El Gobierno nacional reglamentó el Régimen de Incentivo a la Formalización Laboral (RIFL), una pieza clave de la reforma laboral que busca reducir el trabajo en negro mediante beneficios económicos para empleadores que registren nuevas relaciones laborales. La medida, que impactará directamente en el área metropolitana de Buenos Aires, fue oficializada a través del Decreto 315/2026.
El decreto, publicado en el Boletín Oficial con las firmas de Javier Milei, el jefe de Gabinete Manuel Adorni y los ministros Luis Caputo y Sandra Pettovello, establece condiciones específicas para acceder a reducciones en las contribuciones patronales. El régimen estará vigente desde el 1° de mayo de 2026 hasta el 30 de abril de 2027.

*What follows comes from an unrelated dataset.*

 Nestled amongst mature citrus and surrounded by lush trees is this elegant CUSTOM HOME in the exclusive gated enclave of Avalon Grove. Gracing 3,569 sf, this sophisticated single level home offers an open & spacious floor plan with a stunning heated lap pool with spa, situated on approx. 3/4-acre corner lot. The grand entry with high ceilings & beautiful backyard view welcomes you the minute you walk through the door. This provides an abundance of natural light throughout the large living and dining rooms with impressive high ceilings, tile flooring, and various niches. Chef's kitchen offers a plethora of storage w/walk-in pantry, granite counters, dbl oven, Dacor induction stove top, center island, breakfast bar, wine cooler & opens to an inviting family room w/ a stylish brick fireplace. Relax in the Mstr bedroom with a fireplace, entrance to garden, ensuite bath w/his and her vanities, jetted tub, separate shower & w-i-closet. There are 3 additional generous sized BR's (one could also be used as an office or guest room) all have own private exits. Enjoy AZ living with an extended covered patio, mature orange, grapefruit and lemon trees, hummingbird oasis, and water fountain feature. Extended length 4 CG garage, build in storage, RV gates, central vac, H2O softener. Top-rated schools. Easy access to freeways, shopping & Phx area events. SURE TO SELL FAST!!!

Según el texto oficial, podrán beneficiarse los empleadores que contraten trabajadores que no tuvieran relación laboral registrada al 10 de diciembre de 2025, personas desempleadas en los seis meses previos, inscriptos en el Régimen Simplificado o ex empleados públicos. Esta medida apunta especialmente a sectores como el comercio, la gastronomía y los servicios en Ciudad de Buenos Aires y el conurbano, donde el trabajo no registrado alcanza niveles preocupantes.

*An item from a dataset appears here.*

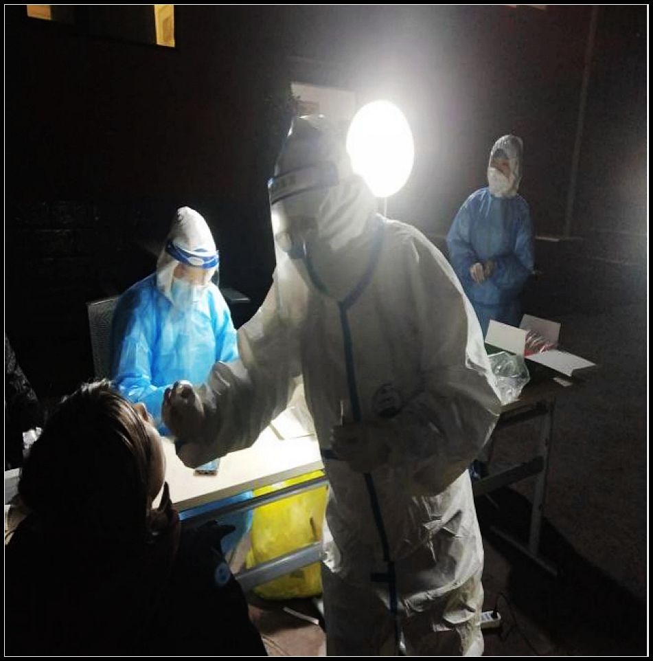 10月20日,再次紧急集结17人,于凌晨3点赴黄河家园开展核酸检测采样工作。

Los empleadores podrán incorporar trabajadores bajo este beneficio hasta un máximo del 80% de su nómina, siempre que estén inscriptos como tales desde diciembre pasado. Durante los primeros 48 meses, las contribuciones patronales se reducirán a alícuotas del 2% al 3%, según el subsistema de seguridad social correspondiente.
La reglamentación aclara que los ingresos del trabajador por otras actividades económicas no afectarán los beneficios del empleador, una disposición relevante para el sector informal del AMBA. Sin embargo, mantiene como obligatoria la contribución al Fondo de Asistencia Laboral.
El decreto establece controles estrictos: la Agencia de Recaudación y Control Aduanero (ARCA) implementará sistemas automáticos para detectar incumplimientos y exigir la recomposición de contribuciones no abonadas, con intereses y sanciones. El incumplimiento producirá el decaimiento automático de los beneficios.
Esta iniciativa forma parte de la Ley de Modernización Laboral, aprobada el 27 de febrero y promulgada el 6 de marzo, que atravesó un proceso judicial complejo antes de quedar definitivamente en vigencia. La Secretaría de Trabajo y ARCA quedan facultadas para dictar normas complementarias.